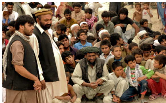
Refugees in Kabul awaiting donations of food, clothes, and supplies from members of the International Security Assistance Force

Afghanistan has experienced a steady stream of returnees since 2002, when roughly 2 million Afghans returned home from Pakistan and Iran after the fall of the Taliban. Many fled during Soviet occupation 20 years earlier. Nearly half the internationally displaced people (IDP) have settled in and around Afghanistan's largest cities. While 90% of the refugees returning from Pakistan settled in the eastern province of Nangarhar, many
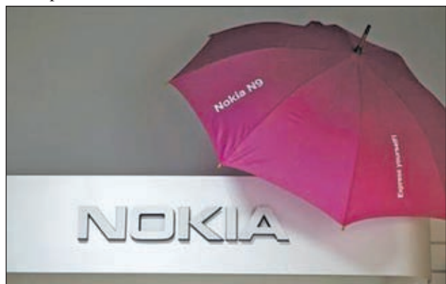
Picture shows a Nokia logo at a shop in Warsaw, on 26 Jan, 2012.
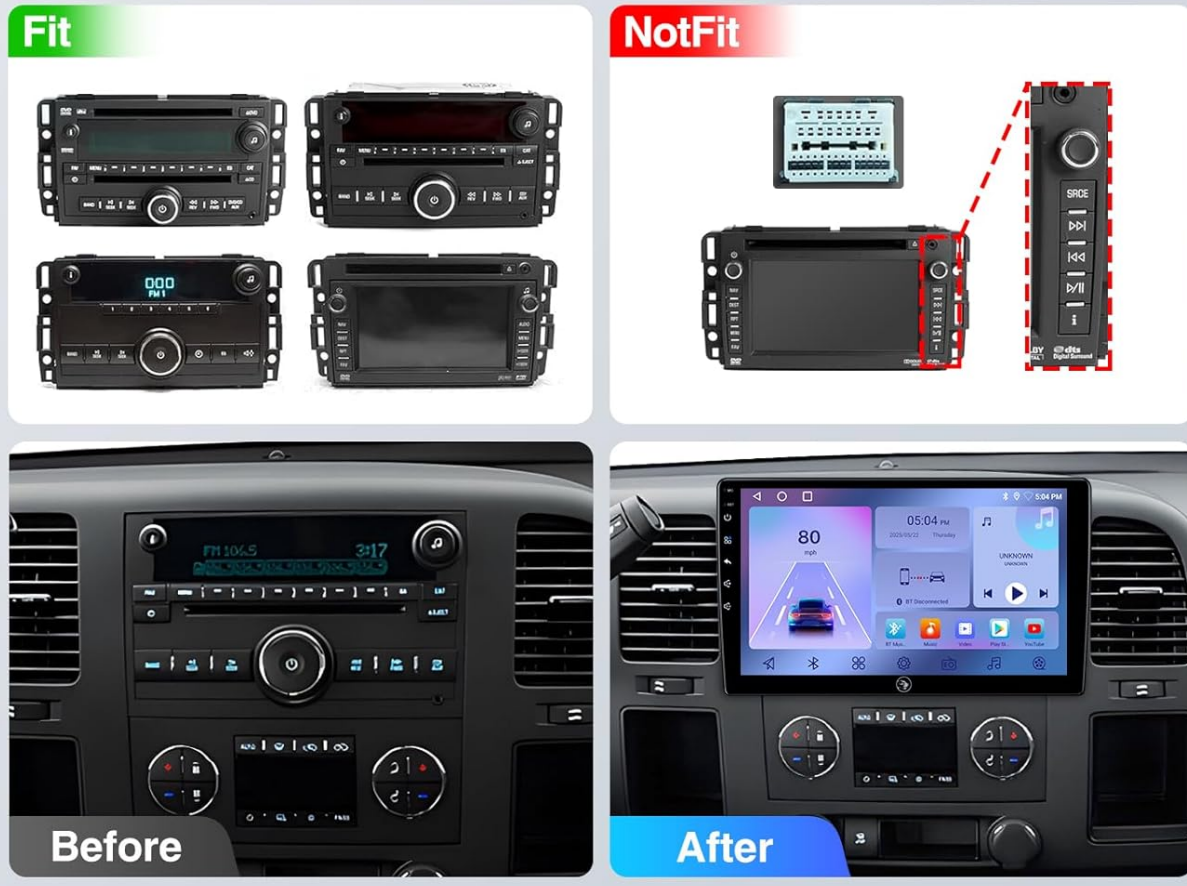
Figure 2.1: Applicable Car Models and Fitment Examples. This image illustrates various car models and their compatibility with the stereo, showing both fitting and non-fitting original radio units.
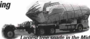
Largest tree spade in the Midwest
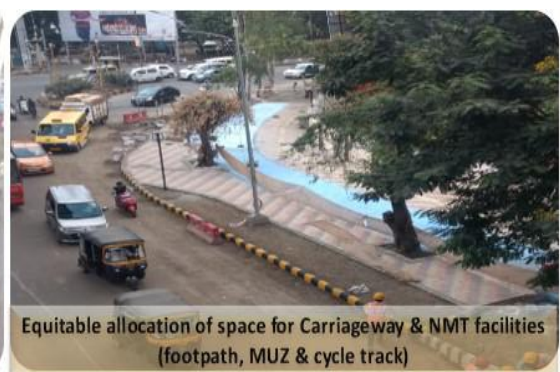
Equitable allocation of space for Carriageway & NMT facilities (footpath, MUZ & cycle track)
....................
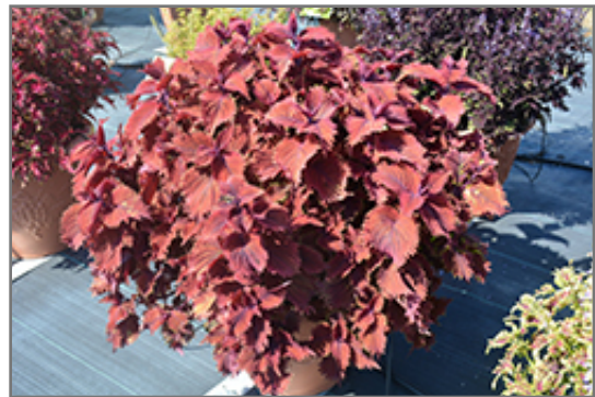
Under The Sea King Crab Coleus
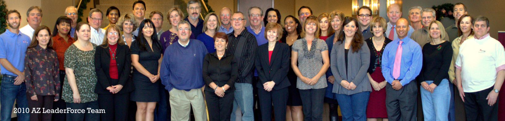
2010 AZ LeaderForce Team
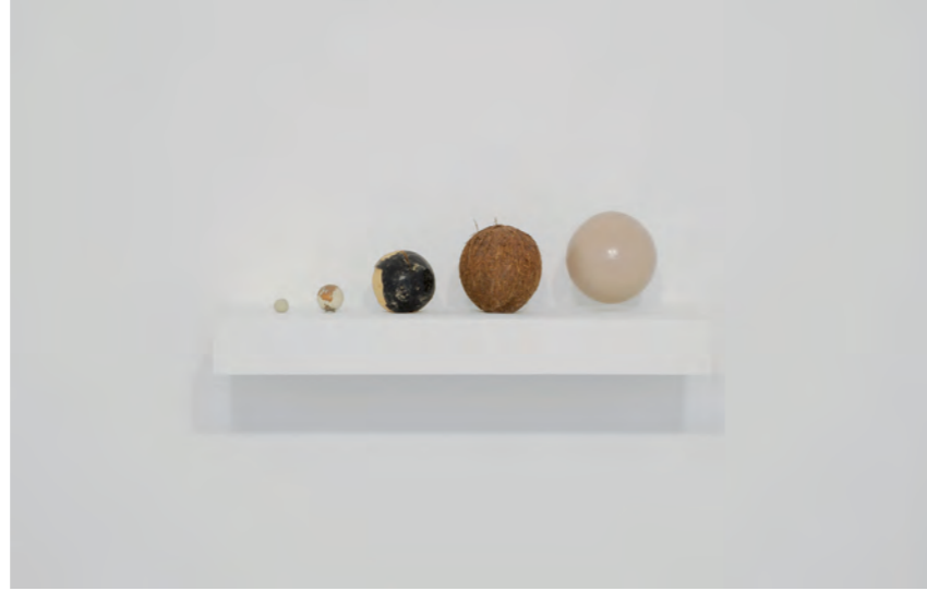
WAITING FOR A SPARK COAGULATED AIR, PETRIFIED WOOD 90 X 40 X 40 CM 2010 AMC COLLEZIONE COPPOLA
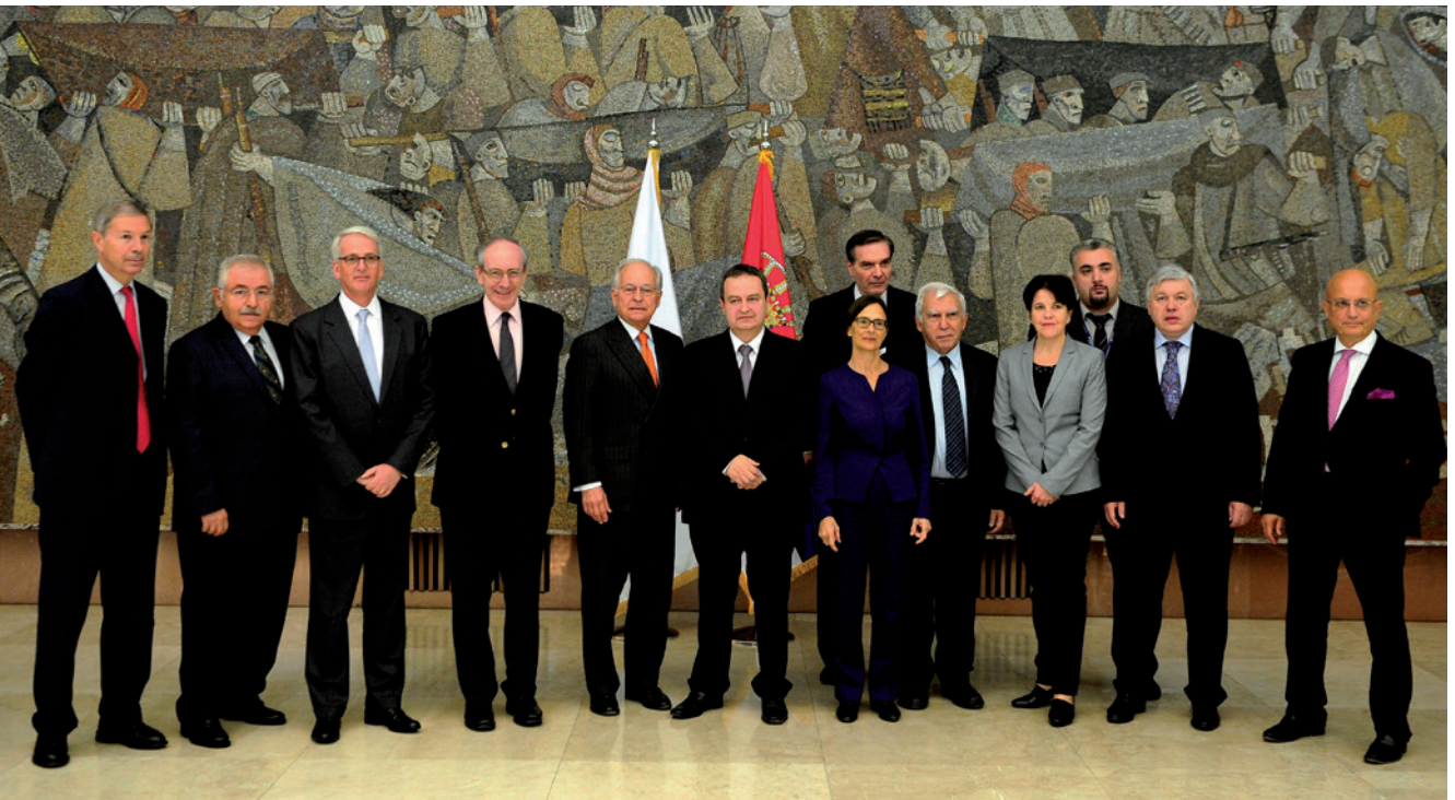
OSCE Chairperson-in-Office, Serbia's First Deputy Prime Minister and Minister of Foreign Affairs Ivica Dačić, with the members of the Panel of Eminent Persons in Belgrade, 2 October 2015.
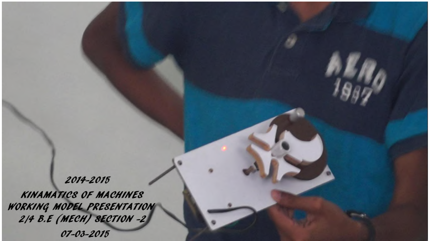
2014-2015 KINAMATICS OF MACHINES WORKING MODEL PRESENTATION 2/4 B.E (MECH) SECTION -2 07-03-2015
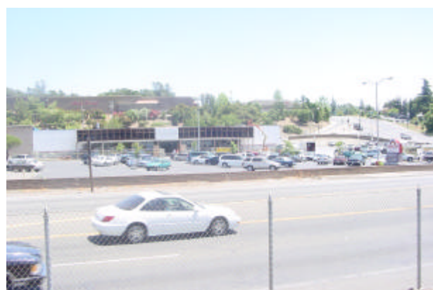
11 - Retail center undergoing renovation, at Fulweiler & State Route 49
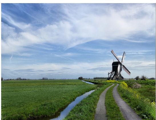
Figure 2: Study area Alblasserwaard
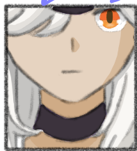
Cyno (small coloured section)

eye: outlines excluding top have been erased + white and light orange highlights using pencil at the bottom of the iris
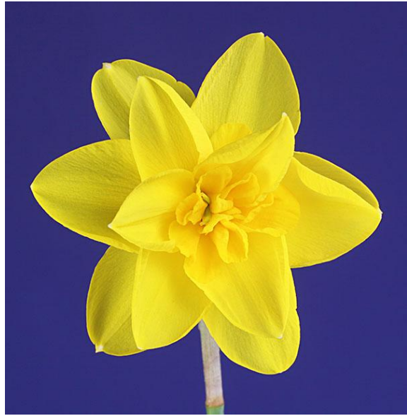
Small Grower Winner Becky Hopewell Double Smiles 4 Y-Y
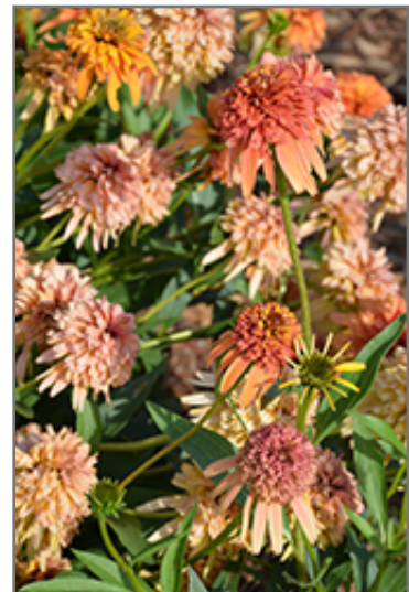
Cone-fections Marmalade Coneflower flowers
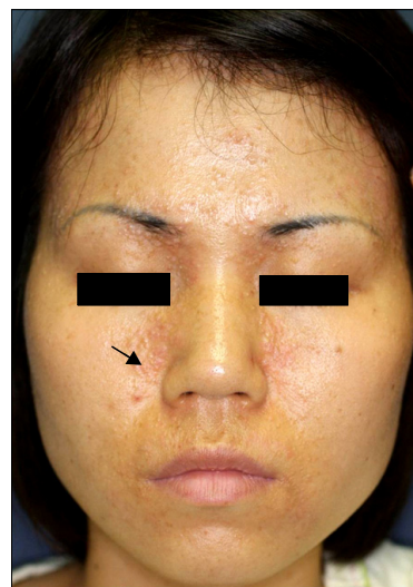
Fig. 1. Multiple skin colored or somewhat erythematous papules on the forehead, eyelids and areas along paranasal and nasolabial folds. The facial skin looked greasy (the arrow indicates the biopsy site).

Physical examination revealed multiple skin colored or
....................
* **Task item**
Return, from the entries, each line that holds "Figure".

* **The completed task**
Figure 2.1: Applicable Car Models and Fitment Examples. This image illustrates various car models and their compatibility with the stereo, showing both fitting and non-fitting original radio units.
Figure 2: Study area Alblasserwaard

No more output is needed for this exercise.